> **Exercise**:
Return the lines of the listing below exactly as they appear, beginning at the one with "To unlock the" and stopping after the one with "3)比較有機隔熱系統和暖框系"; do not include pictures.
_ _ _ _ _ _ _
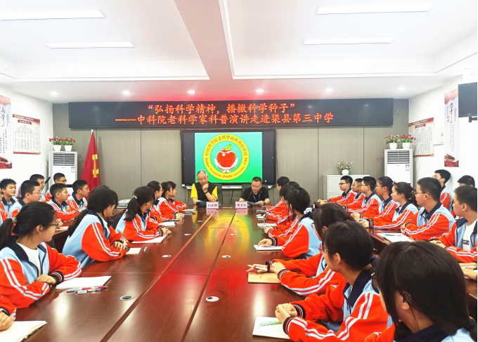 为进一步贯彻落实国务院《全民科学素质行动计划纲要(2021-2035年)》文件精神,弘扬科学精神,普及科学知识,激发少年的科学梦想和科学志向,9月28日上午,中国科学院老科学家、科普演讲团团长白武明教授来到渠县三中,在多功能会议室开展了以《地球的内部探秘》为题的科普讲座。此次讲座由渠县第三中学党委书记郑文东主持,部分领导、班主任和八年级学生参加了这次活动。
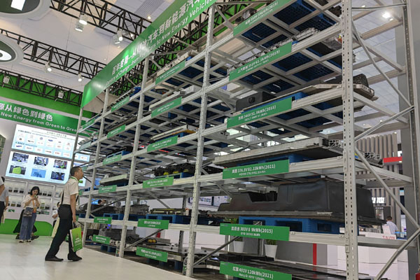 一家企業(yè)展示的回收的新能源汽車動(dòng)力電池。資料照片
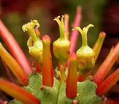 Сильно ветвящийся от основания суккулентный двудомный кустарник до 30—100 см высотой, густо покрытый толстыми, красивыми, хорошо заметными, длинными, красными шипами.
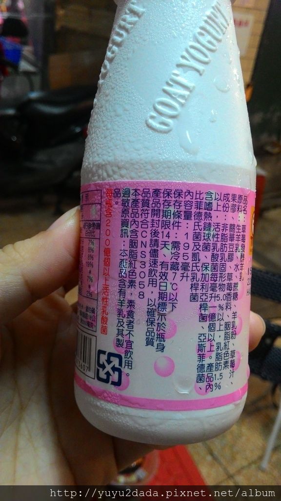 這款喝起來跟市售的優酪乳一樣~我根本喝不出有羊奶的騷味~一口一口很滑順的草莓優酪乳~
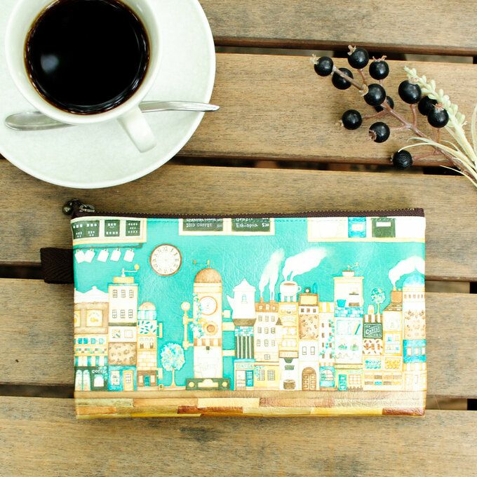平ポーチ「カフェの奥のコーヒー街」 【同梱A】
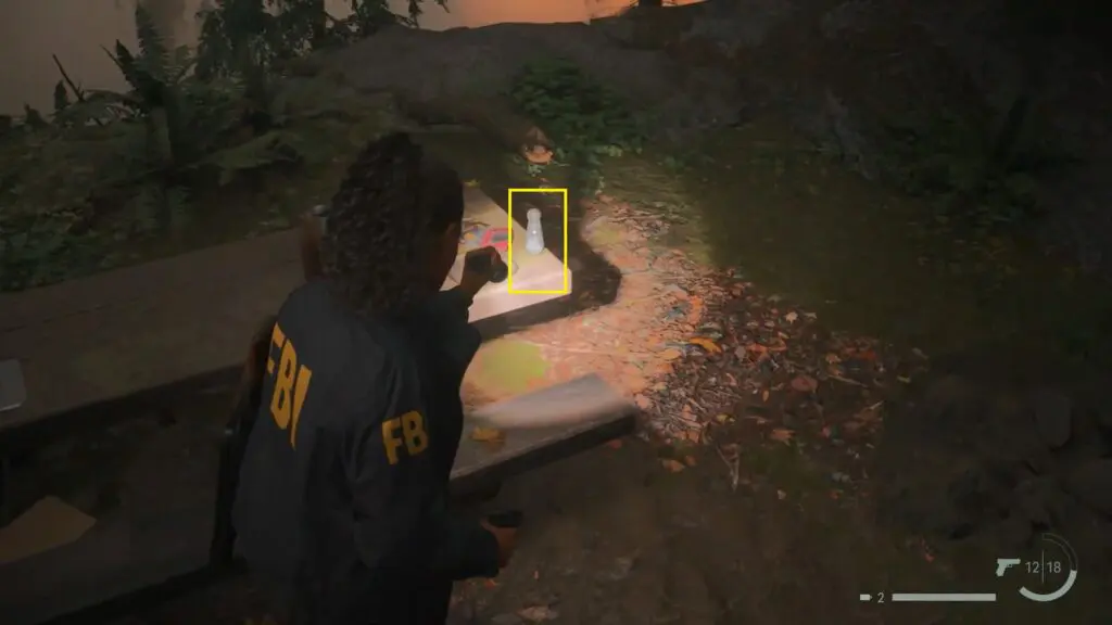 To unlock the lock, you must first find the key for the stash. Shine your flashlight around the area, and as you do, keep an eye out for some yellow arrows that will glow in the light of your torch. Follow these yellow arrows, and they will lead you to a specific place where you can discover the key for the stash by the streamside.
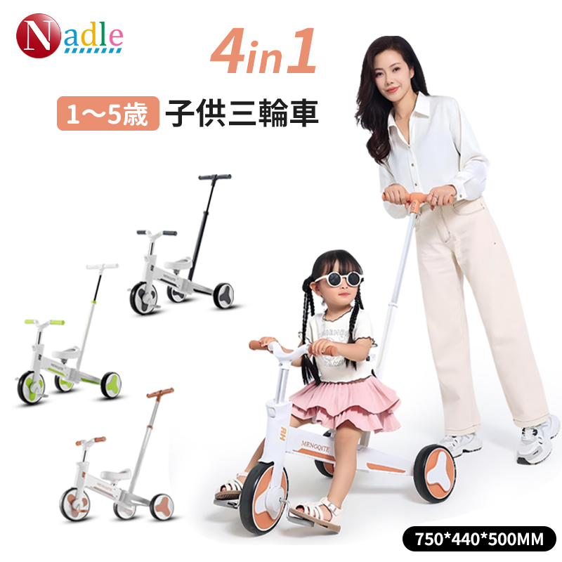 NADLE 子供用三輪車 一台多役 三輪車 1歳半から5歳まで 変身可能 ランニング バイク 押し棒付き 組み立て簡単 サドル調整可能 おもちゃ 乗用玩具 組み立て簡単
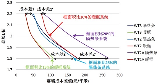 3)比較有機隔熱系統和暖框系統的性價比,當成本相同時,后者框的U值比前者平均降低45%;當框的U值相同時,后者的成本僅為前者的1/3。
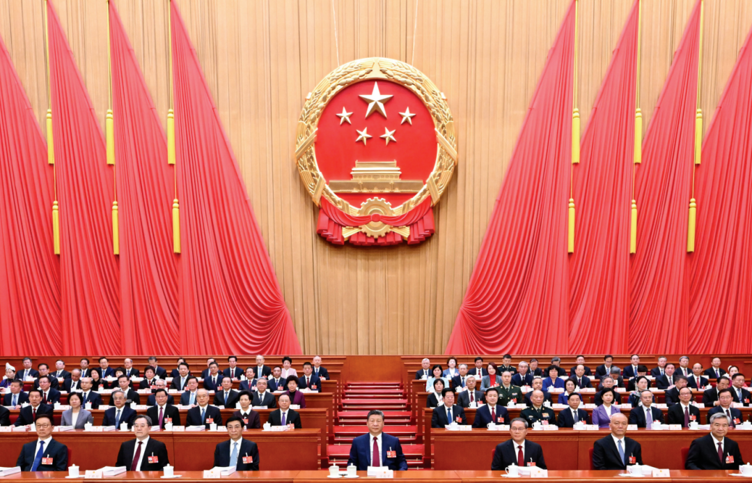 第十四届全国人民代表大会第四次会议5日上午在北京人民大会堂开幕。全国人大代表肩负人民重托出席大会,履行宪法和法律赋予的神圣职责。 人民大会堂万人大礼堂气氛庄
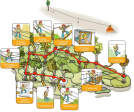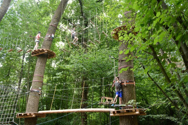 Il parco dispone di 9 percorsi avventura e oltre 80 giochi aerei, suddivisi per età e altezza:
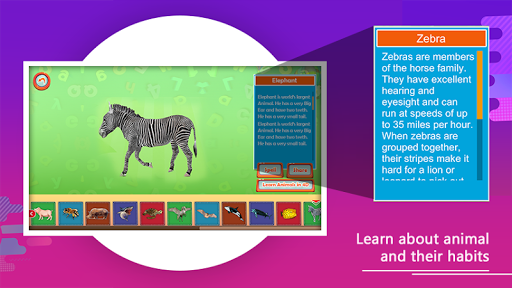 Children can enjoy zoo animals, listen to their sound and learn about their behavior and spellings of animal names.
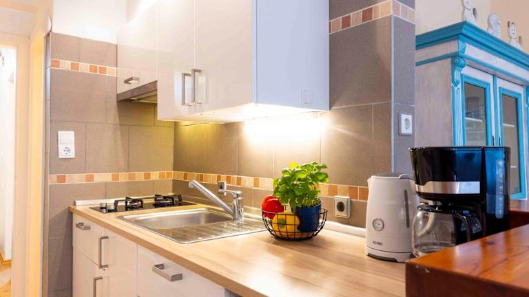 Die Wohnung umfasst ein Schlafzimmer, einen TV mit Satellitenkanälen sowie eine voll ausgestattete Küche. Die Küche bietet Annehmlichkeiten wie einen Kühlschrank, eine Mikrowelle, eine Waschmaschine, eine Herdplatte und einen Toaster.
_ _ _ _ _ _ _
> **Answer area**:
 To unlock the lock, you must first find the key for the stash. Shine your flashlight around the area, and as you do, keep an eye out for some yellow arrows that will glow in the light of your torch. Follow these yellow arrows, and they will lead you to a specific place where you can discover the key for the stash by the streamside.
 NADLE 子供用三輪車 一台多役 三輪車 1歳半から5歳まで 変身可能 ランニング バイク 押し棒付き 組み立て簡単 サドル調整可能 おもちゃ 乗用玩具 組み立て簡単
 3)比較有機隔熱系統和暖框系統的性價比,當成本相同時,后者框的U值比前者平均降低45%;當框的U值相同時,后者的成本僅為前者的1/3。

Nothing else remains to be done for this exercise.